I appreciate the effort but for such game "Very high" benchmark and "High" is important too , since it's heavy performance hitter on Ultra.


----------



## saikamaldoss (Oct 6, 2018)

HD64G said:


> Ryzen that much faster than i7? Or undervolting adding much performance? Only @W1zzard can test that to make it sure I guess...



Yes that would be good if wiz’s can test it again. Coz I am not surly getting 26fps even with ini tweaking to max. But again, I am using 18.9.3 driver and why is he using a crappy 18.9.2 beta driver. That driver was horrible. I reverted back to 18.5 because of that crappy driver.


----------



## Salty_sandwich (Oct 6, 2018)

notb said:


> Actually it's not that bad either. The game will happily run on fairly pedestrian hardware once you limit some effects.
> Look for a Xbox One S demo. The game looks fine despite console being weaker than GTX1050.




I am still surprised how well my A10-5800k + 1050Ti runs games, for an APU (which a lot of people slag off saying APU's are total garbage) and low end graphics card things are all good for the low end user, if you tweak the game settings you will be surprised with what games you can play and how games have come quite away with graphics, so even on medium settings a lot of game look good and play well on low end systems.

For example even my low end setup will play forza 6 at 4k locked at 30 fps medium settings very well no issues or stuttering, when I was expecting a slide show I am more than happy with whats on offer at the low end lol


----------



## Prince Valiant (Oct 7, 2018)

Good thing it doesn't have RTX .


----------



## Razrback16 (Oct 8, 2018)

notb said:


> Honestly, it looks like some people are offended, because they paid huge sums for best hardware available and a game can't be run on highest settings.
> 
> Highest settings are too much for GPUs we have today, but won't be too much for GPUs we get in 1-2 years. Games are expected to "last" longer than GPUs, don't they?
> 
> ...



Some might be - I'm not so much offended personally as I am just surprised by the developer's decisions. I simply won't buy it due to lack of multi gpu support. I'll still play it via other means (likely at 1440p @ 60fps), but it's just asinine to release a game that even the brand new $1200 2080 Ti can't run steadily in 4k @ 60fps and decide not to implement multi GPU support.


----------



## MustSeeMelons (Oct 9, 2018)

Anyone tried running this with a 4670K or similar? I could not get Origins stable 60FPS with my system, CPU 100% in cities, GPU 60% at most. My guess this would be the same story?


----------



## notb (Oct 9, 2018)

Razrback16 said:


> Some might be - I'm not so much offended personally as I am just surprised by the developer's decisions. I simply won't buy it due to lack of multi gpu support. I'll still play it via other means (likely at 1440p @ 60fps), but it's just asinine to release a game that even the brand new $1200 2080 Ti can't run steadily in 4k @ 60fps and decide not to implement multi GPU support.

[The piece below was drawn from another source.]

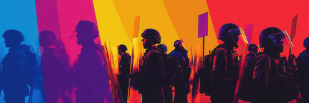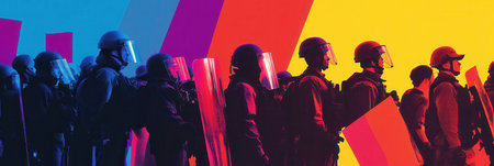 Crowds rally with placards demanding justice while law enforcement in riot gear stands ready, reflecting societal tensions and struggles for rights.

I think we're already way past the point where implementing multi-GPU costs more than the gain in revenue because of multi-GPU clients. Especially for such a mainstream title.

And again, the thing I've mentioned earlier.
Would it be more acceptable for you if this game was launched with lower requirements at a cost of (I'd imagine: slightly) lower image quality? Ubisoft could boost details in a future patch (like many MMORPG do).


----------



## W1zzard (Oct 9, 2018)

MasterPeace said:


> 45fps?
> Fake.


In the video the GPU isn't heated up properly. If it's cold from idle it'll boost higher for about 20 seconds and then drop clocks a bit


----------



## Razrback16 (Oct 9, 2018)

notb said:


> I think we're already way past the point where implementing multi-GPU costs more than the gain in revenue because of multi-GPU clients. Especially for such a mainstream title.
> 
> And again, the thing I've mentioned earlier.
> Would it be more acceptable for you if this game was launched with lower requirements at a cost of (I'd imagine: slightly) lower image quality? Ubisoft could boost details in a future patch (like many MMORPG do).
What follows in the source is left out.